DATASET RECORDS:
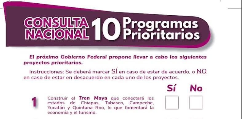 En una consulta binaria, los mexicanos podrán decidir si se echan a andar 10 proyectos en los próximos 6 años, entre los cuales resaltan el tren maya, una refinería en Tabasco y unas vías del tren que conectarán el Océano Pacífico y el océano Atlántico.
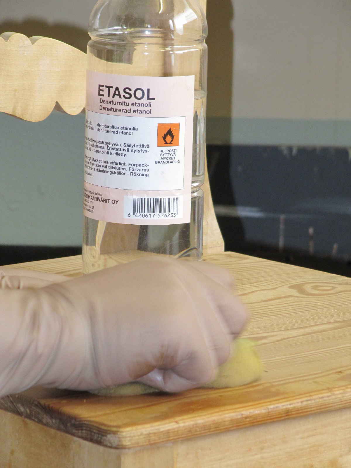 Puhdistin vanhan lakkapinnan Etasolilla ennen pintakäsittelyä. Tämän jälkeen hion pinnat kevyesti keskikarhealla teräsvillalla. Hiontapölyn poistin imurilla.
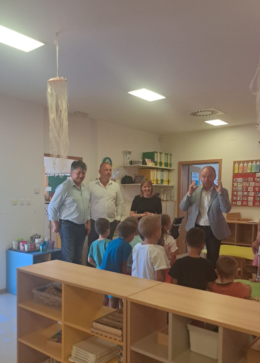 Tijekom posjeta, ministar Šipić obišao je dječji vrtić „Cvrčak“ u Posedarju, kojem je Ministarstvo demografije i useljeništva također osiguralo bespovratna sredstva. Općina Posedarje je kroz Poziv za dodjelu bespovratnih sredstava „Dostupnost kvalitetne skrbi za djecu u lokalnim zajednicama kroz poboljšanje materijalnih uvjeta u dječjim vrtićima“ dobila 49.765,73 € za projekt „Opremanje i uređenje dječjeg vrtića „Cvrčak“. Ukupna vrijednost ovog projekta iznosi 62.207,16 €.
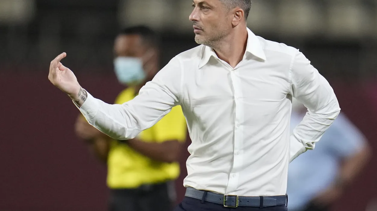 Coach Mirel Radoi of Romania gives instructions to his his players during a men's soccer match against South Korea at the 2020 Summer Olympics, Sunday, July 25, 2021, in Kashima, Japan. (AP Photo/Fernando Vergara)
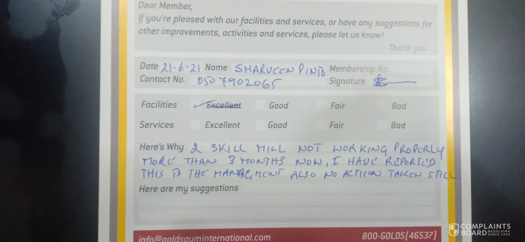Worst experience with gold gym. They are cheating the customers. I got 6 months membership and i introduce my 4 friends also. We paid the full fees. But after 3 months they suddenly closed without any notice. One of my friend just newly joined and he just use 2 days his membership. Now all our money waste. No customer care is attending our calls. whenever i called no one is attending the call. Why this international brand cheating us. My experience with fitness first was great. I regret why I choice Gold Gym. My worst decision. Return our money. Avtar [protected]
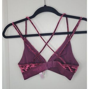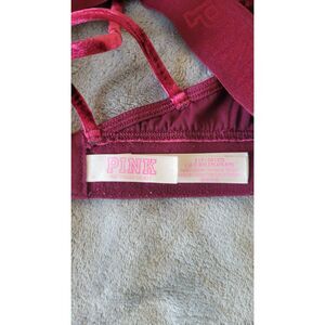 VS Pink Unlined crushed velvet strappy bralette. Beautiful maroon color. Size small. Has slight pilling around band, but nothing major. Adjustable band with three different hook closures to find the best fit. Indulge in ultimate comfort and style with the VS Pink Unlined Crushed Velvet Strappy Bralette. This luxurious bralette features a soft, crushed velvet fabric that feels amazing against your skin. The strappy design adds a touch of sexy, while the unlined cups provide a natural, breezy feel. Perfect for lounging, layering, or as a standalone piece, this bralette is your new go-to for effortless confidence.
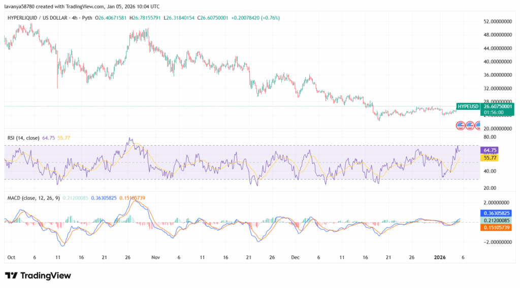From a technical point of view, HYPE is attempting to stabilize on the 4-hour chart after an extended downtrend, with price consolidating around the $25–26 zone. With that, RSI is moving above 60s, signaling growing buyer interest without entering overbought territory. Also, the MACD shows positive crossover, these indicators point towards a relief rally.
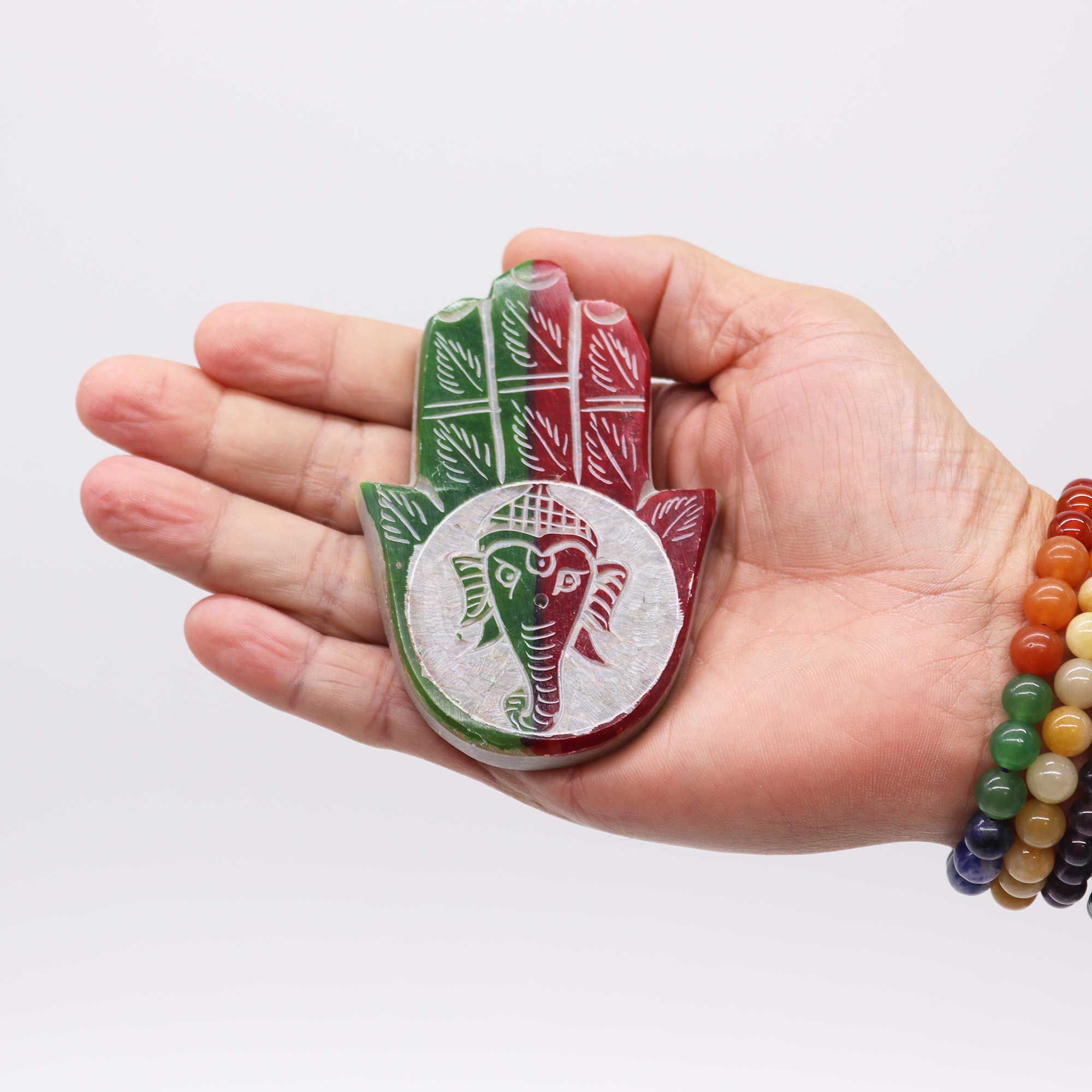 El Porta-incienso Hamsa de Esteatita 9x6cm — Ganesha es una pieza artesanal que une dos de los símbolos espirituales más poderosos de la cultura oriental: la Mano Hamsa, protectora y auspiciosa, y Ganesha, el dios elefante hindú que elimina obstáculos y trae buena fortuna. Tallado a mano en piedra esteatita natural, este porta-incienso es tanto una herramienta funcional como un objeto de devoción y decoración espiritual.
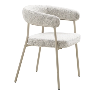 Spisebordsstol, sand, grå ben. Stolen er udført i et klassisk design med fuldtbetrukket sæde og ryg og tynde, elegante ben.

---

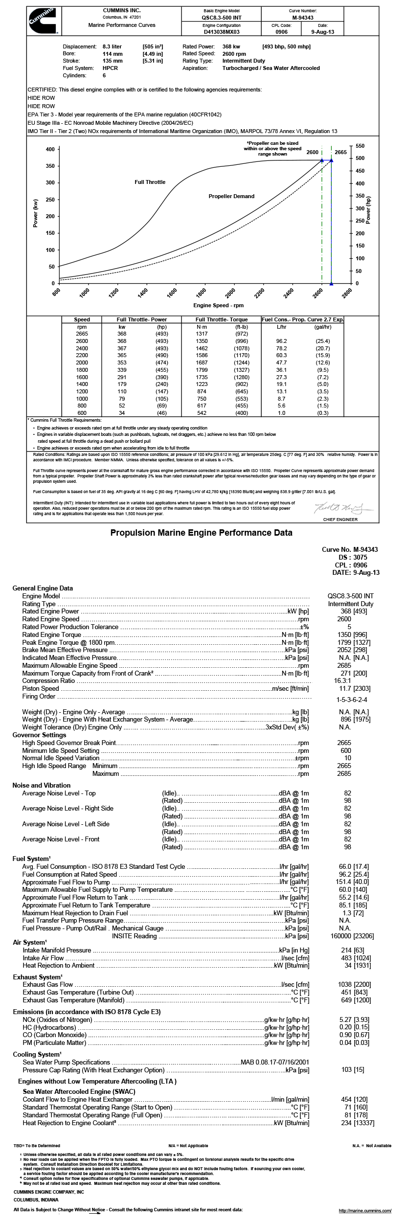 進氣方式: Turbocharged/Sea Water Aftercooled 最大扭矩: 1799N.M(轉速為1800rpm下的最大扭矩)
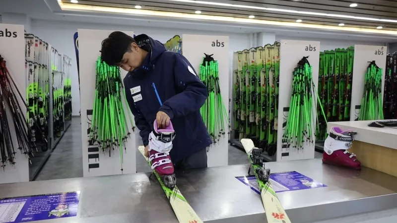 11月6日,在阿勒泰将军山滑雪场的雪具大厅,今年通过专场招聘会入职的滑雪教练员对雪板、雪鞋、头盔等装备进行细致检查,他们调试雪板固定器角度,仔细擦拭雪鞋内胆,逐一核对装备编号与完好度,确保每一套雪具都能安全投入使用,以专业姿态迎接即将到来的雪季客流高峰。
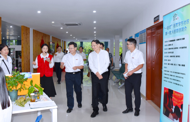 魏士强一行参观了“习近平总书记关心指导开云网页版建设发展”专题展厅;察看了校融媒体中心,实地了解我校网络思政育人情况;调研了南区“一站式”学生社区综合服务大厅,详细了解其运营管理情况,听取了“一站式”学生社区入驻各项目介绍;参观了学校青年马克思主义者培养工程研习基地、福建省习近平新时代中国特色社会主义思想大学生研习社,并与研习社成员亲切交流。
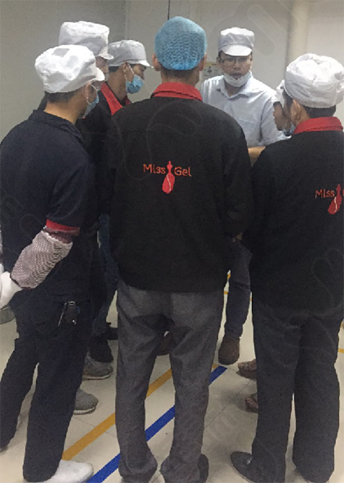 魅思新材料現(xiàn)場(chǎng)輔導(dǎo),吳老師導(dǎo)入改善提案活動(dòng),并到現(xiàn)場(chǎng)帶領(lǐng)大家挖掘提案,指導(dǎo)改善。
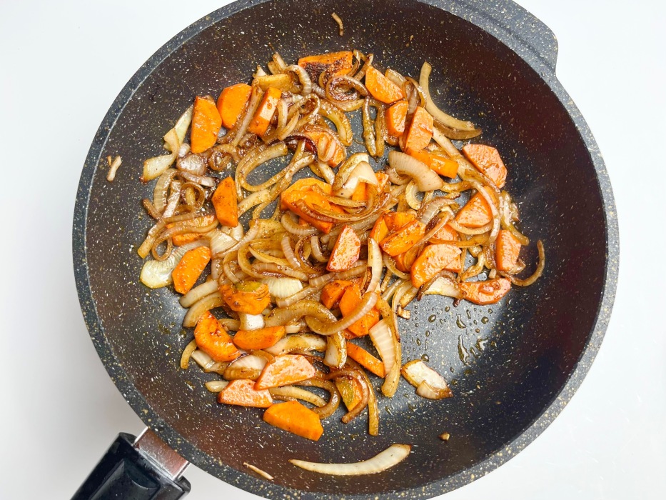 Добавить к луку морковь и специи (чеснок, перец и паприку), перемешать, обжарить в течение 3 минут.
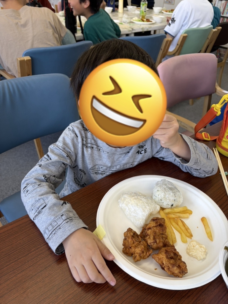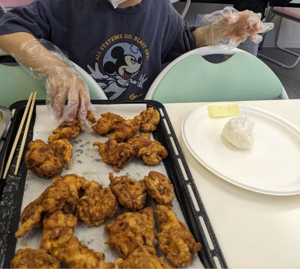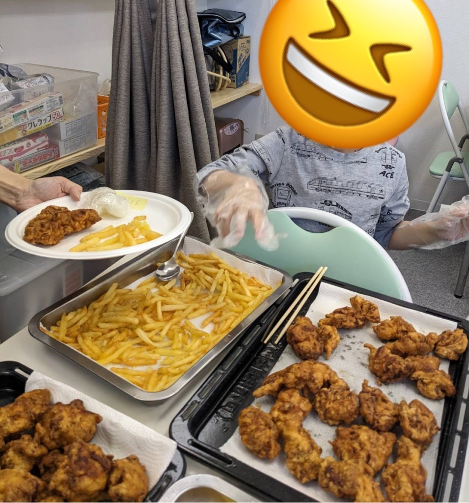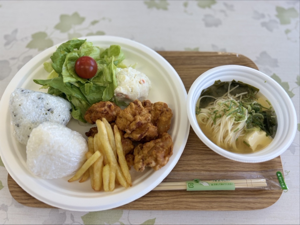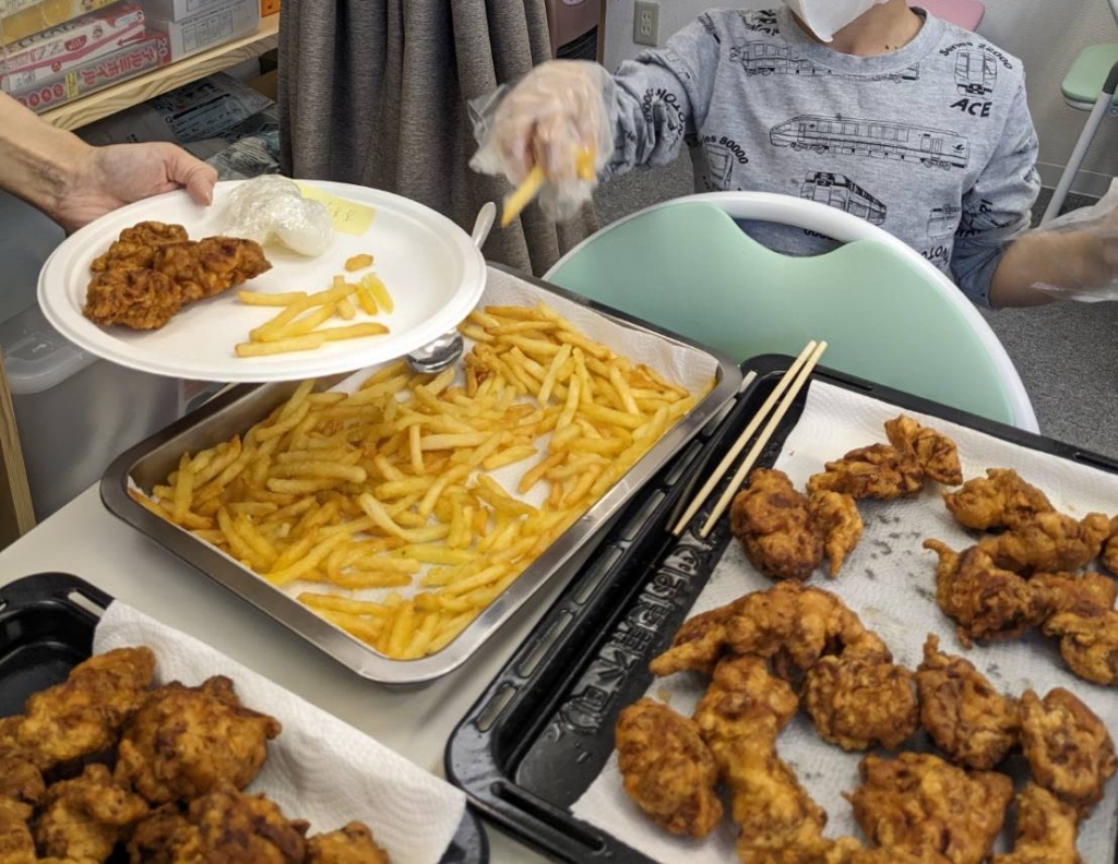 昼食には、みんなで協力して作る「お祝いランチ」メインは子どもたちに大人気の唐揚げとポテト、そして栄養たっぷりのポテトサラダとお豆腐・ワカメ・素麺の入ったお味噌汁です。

WHAT TO PRODUCE: Look above for the line containing "En una consulta" and the line containing "Puhdistin vanhan lakkapinnan", then reproduce both and everything between them exactly, pictures omitted.

RESPONSE AREA:
 En una consulta binaria, los mexicanos podrán decidir si se echan a andar 10 proyectos en los próximos 6 años, entre los cuales resaltan el tren maya, una refinería en Tabasco y unas vías del tren que conectarán el Océano Pacífico y el océano Atlántico.
 Puhdistin vanhan lakkapinnan Etasolilla ennen pintakäsittelyä. Tämän jälkeen hion pinnat kevyesti keskikarhealla teräsvillalla. Hiontapölyn poistin imurilla.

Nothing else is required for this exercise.